The PERM Rule requires all approved PERM Forms to be submitted with an I-140 petition to USCIS no later than 180 days after approval, and additionally requires that the PERM form be signed by the parties as soon as possible after approval.
As the attorney sent the petition in timely manner (less than 180 days), but without the signatures on the PERM Form, the Service Center rejected the Petition and returned it to the Attorney with a boiler plate, unsigned statement, along with the filing fee, requesting the Employer to resubmit the petition again with the signatures.
In the interim, more than 180 days had passed, and it was no longer possible to submit the petition within 180 days of approval of the PERM case.
While at first glance it appears that the Perm Form may no longer be filed with USCIS because the Employer had missed the deadline, I told the attorney that the I-140 in fact was properly filed and that the rejection from USCIS was unlawful. In this case, the I-140 could be refiled, as an amended petition with a request for adjudication.
The Employer's principal argument would be that the private contractor that receives the mail must accept any petition received by mail if it is "properly filed." This is a term of art that simply means that the petition was signed and accompanied by the filing fee. There is ample authority for this interpretation of the phrase "properly filed" going back many years.
Naturally, there are petitions that are not properly filed in the common sense of the word, i.e., there are documents missing which would make it impossible for the Service to approve the petition. However, these cases, instead of being rejected by the private contractor that works for the Service, should be adjudicated, and a determination should be made by a competent examiner regarding deficiencies.
The examiner may than deny the petition, for lack of documentation, issue an RFE requesting the documents, or issue a Notice of Intent to Deny.
In this case, the petition was "properly filed" under the legal meaning of the word, but not properly filed in the normal sense of the word.
The Service should honor the timely date of filing, and accept a new petition as an amended petition, which recaptures the original filing date.

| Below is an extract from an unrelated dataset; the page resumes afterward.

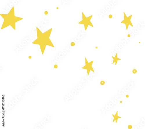 © vectorfusionart, Naklejka premium Cartoon-style flat design yellow stars and dots are scattering diagonally on transparent background
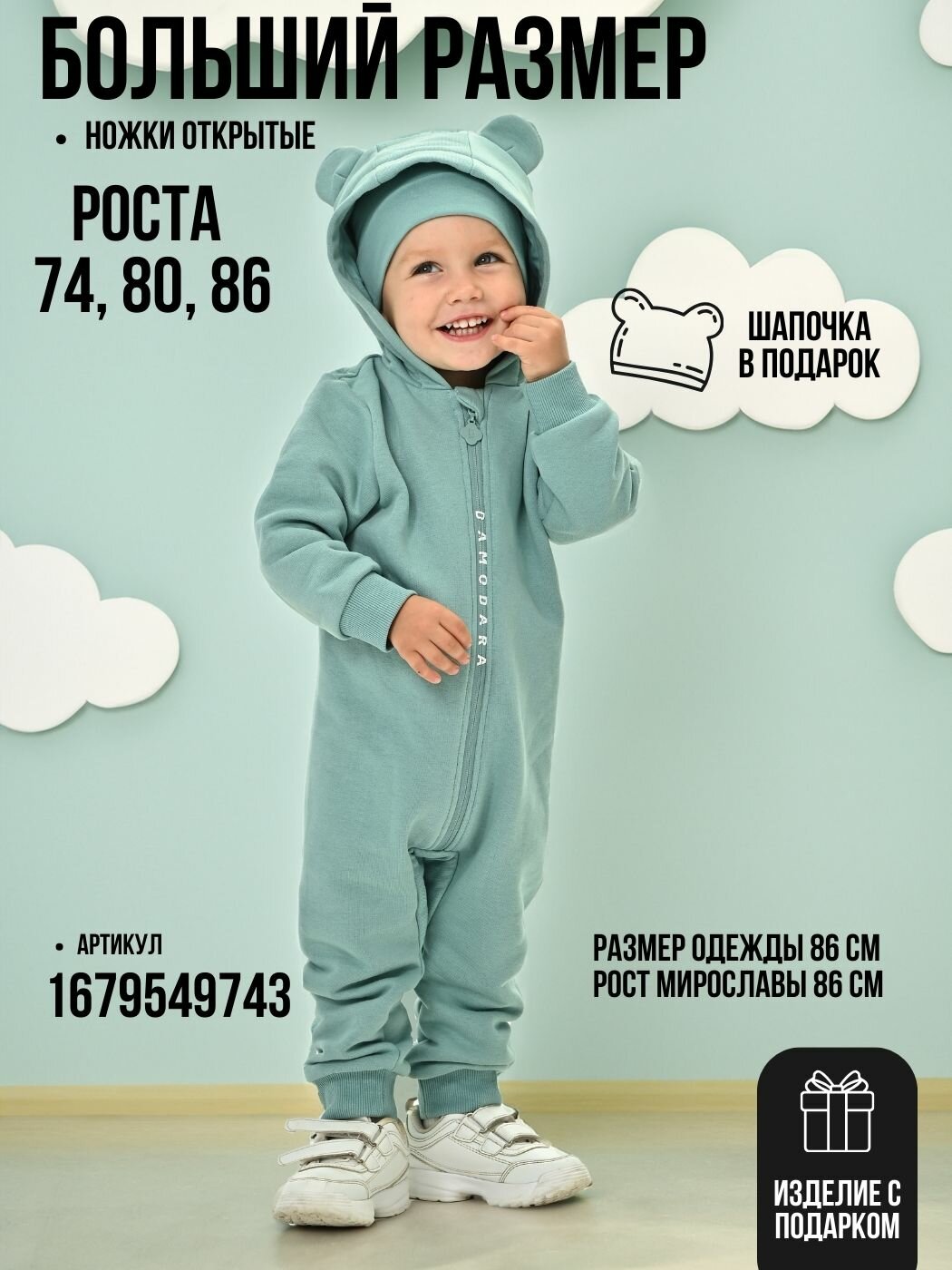 Комбинезон DAMODARA Осень-зима 2025, размер 80, мультиколор

As a practical matter, instead of sending the amended petition back to the mailroom where it would probably be rejected again, this time for being filed beyond the 180 day eriod, the petitioner should file the I-140 electronically. The electronic filing generates a receipt as proof of filing, and the payment is made by credit card. The Employer then is required to submit the supporting documents by mail.
And, yes, the electronic filing, if made within the 180 days, preserves the filing date, withou the PERM Form, without any signatures, and without any supporting documents.